= Mary Morain =

Mary Stone Dewing Morain (1911 – June 14, 1999) was an American therapist, social reformer, and prominent secular humanist, the co-author, with her husband Lloyd Morain, of Humanism As The Next Step.

Mary Stone Dewing was born in Cambridge, Massachusetts, the eldest of three children; her parents were teachers at Simmons College. In 1926 she traveled with her family to England, Europe and Egypt. She was thought to be a sickly child and was sent to Florida to study for a time, before returning to Simmons College as a social work student. She also worked part-time in Italian and Irish immigrant communities in the South End of Boston, and in the mid-1930s received an M.A. degree from the University of Chicago.

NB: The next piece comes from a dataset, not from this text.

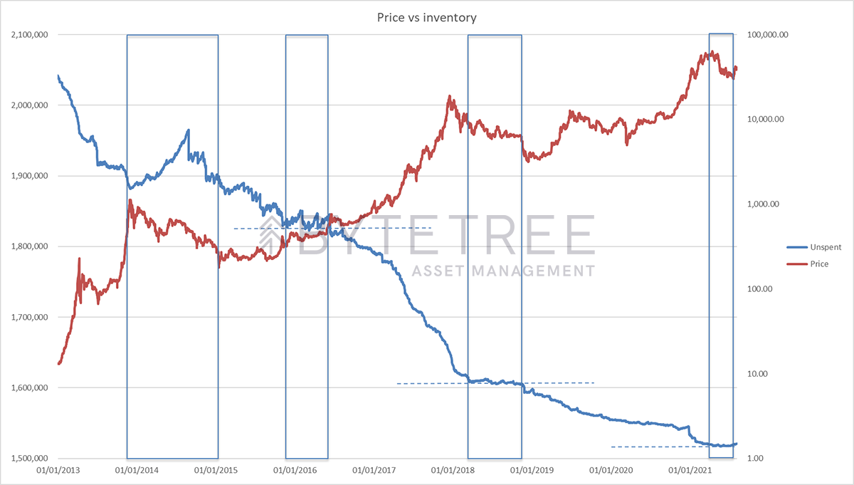 Mining has been tremendously profitable recently, which makes it very tempting for miners to build bitcoin inventory. At what point, though, would they sell? As with so much in bitcoin, the answer is likely to be found in its pro-cyclicality (which is why it is so volatile). As long as the price drifts higher, and mining costs remain low, there is no compulsion to take profit. But if we continue to see upward adjustments in difficulty (and costs), and if the price starts to lose upward momentum, the pressure to cash in will increase. This becomes self-reinforcing, and the avalanche starts to fall. It is striking that if we look back in history, it is rare that the bitcoin price has remained in a bull market until unspent inventory has moved to new lows (see chart below).

In 1938, she moved to Hollywood to work with Donald McLean as one of his staff of therapists working under the principles of General Semantics. While there she met Lloyd Morain. During World War II she worked as a teacher and social worker in New York City, and they married after Lloyd's return from service in Europe in 1946. After working part-time for the New England Home for Little Wanderers, an institution that cared for vulnerable mothers, she became a volunteer for Planned Parenthood, later becoming president of the Planned Parenthood Association in Boston, as well as the League of Women Voters. She became a leading member of Planned Parenthood, touring and lecturing on birth control around the world, often in the company of Margaret Sanger. She and her husband were also founding Directors of the International Humanist and Ethical Union, established in 1952.

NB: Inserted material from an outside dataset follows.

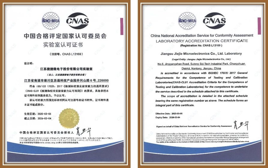 江蘇捷捷微電子股份有限公司實驗室測試中心,提供多種可靠性試驗,包括環(huán)境可靠性測試、板級可靠性試驗,使用壽命可靠性測試和全方位的失效分析服務。 捷捷微電子股份有限公司實驗室已經獲得中國合格評定國家認可委員會的實驗室認可證書(CNAS認證) 江蘇捷捷微電子股份有限公司實驗室測試中心成立于 2011 年,分南通、啟東、深圳3個測試場地?,F(xiàn)有工作人員50名,其中管理人員 5 名,檢測人員 45名,簽字授權人4名,中級職稱人員2名,助理職稱人員6名,本科學歷人員21名。實驗室占地面積2000平方米,南通1200平方米,啟東800平方米。2018年8月發(fā)布并實施實驗室管理體系,并在2020年3月取得CNAS實驗室認可證書(L13169)。實驗室現(xiàn)有各類設備近170臺,可開展可靠性試驗項目20余項,浪涌過電壓檢測項目10余項,失效分析10余項以及特性測試等項目。與中科院微電子所、西電、中車等單位存在長期合作關系。

The couple returned to California, to live in San Francisco, and co-wrote Humanism As The Next Step (1954). As well as continuing to support Planned Parenthood, Mary Morain was active in Altrusa and in adult literacy and tree planting initiatives in San Francisco. In the 1970s she and her husband were both elected as Fellows of the World Academy of Art and Science and were both signers of the Humanist Manifesto II in 1973. She compiled and edited four books on general semantics, served as President of the International Society for General Semantics, and revised Humanism as the Next Step. She and her husband were jointly named "Humanists of the Year" by the American Humanist Association in 1994. In accepting that award she said:

Most systems of basic beliefs - most life stances - give some emphasis to helping others rather than our individual selves. Believing that we exist only in a single world, the natural world that we share with other living creatures, and that we have no special first-class tickets that allow for travel to continuous existence in other spheres at the end of our journey in this life. In our human distresses, we have only each other to turn to for help.

She died in 1999, after contracting pneumonia.